BETH: When our sons started at Doherty, Patti Guethlein was the principal and an amazing leader. There was also a very strong group of knowledgeable and seasoned teachers. Together, they created a cohesive environment that was warm, nurturing, and supportive, yet also academic and challenging. During all those years when my kids were there, I thought, How lucky are they to attend this school!

One of my favorite Doherty memories is when Hayden, our middle son, was in second or third grade. He had Sarah Roberts, this fabulous teacher, and she called on the morning of Halloween. We were scurrying around, trying to get our kids into their costumes and get to school on time. Hayden and his group of friends were obsessed with these stuffed animals called Ugly Dolls, which looked like little monsters. For Halloween that year, a group of the teachers decided to dress up like the Ugly Doll characters, but Sarah said they were worried their costumes weren’t quite good enough. Hayden had this collection of 10 different Ugly Doll stuffed animals. Sarah asked, “Do you mind if Hayden brings those in, and we’ll each carry the one that we are dressed up as.” I’m not kidding you, this was the most exciting moment in Hayden Schiff’s young life, seeing these teachers all dressed up like his beloved Ugly Dolls.
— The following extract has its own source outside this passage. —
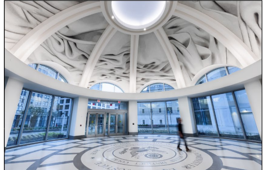
The Robes of Justitia, 2021 (Fred D. Thompson Federal Building and US Courthouse, Nashville, TN)

GAO-23-106139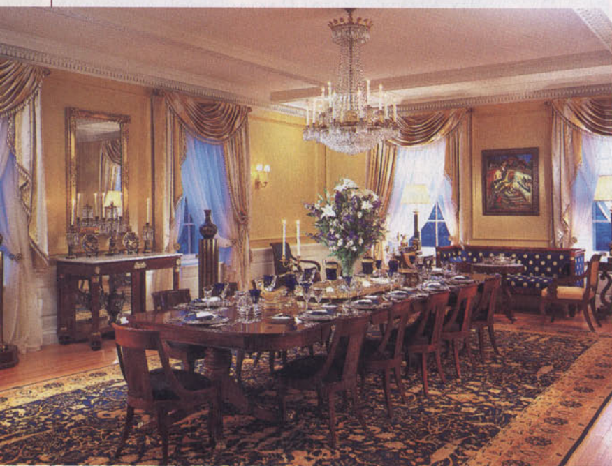
DINNER IS SERVED: None of the furniture in the neoclassical dining room dates from before 1810 or after 1828, including the horsehair-upholstered chairs. The carpet is Indian, made in the early 20th century.

house says, with a wry smile. "I originally was going to update the kitchen and put in four new boilers." The house, which sits high on a hilltop and has eastern views, was originally designed by architect Horace Trumbauer, who also designed the Philadelphia Museum of Art and the Scott estate, Ardrossan. It is the sort of mansion the Lords rambled about in The Philadelphia Story . The owner, who prefers to remain unnamed, is in his early 30s, but despite his youth, he fell in love with the home's crown moldings, African mahogany doors and elegant, oversize rooms.

The fact that the teachers were paying attention and were so excited about what the kids were excited about — that’s what stands out. This is what was so important and impressive to us about Seven Hills, that the teachers got to know your child so well — as well as you knew them. This sounds corny, but the teachers and staff at Seven Hills helped us become better parents. Dealing with three rambunctious boys was not always easy, but the teachers were so reassuring and helpful.

JIM: As your kids get into Middle School, reality sets in, and you realize that perhaps things aren’t going quite as well in their lives as they were a few years before. Becoming an adolescent is tough. That’s when I thought Seven Hills was particularly good and supportive. The school is so adept at handling the challenges that adolescents face. They really let kids be themselves. There was less pressure to fit into some kind of preconceived mold. The kids at Seven Hills were better kids than my friends and I were in junior high and high school. And that’s largely due to the faculty, and the atmosphere they’ve created, along with the school’s values.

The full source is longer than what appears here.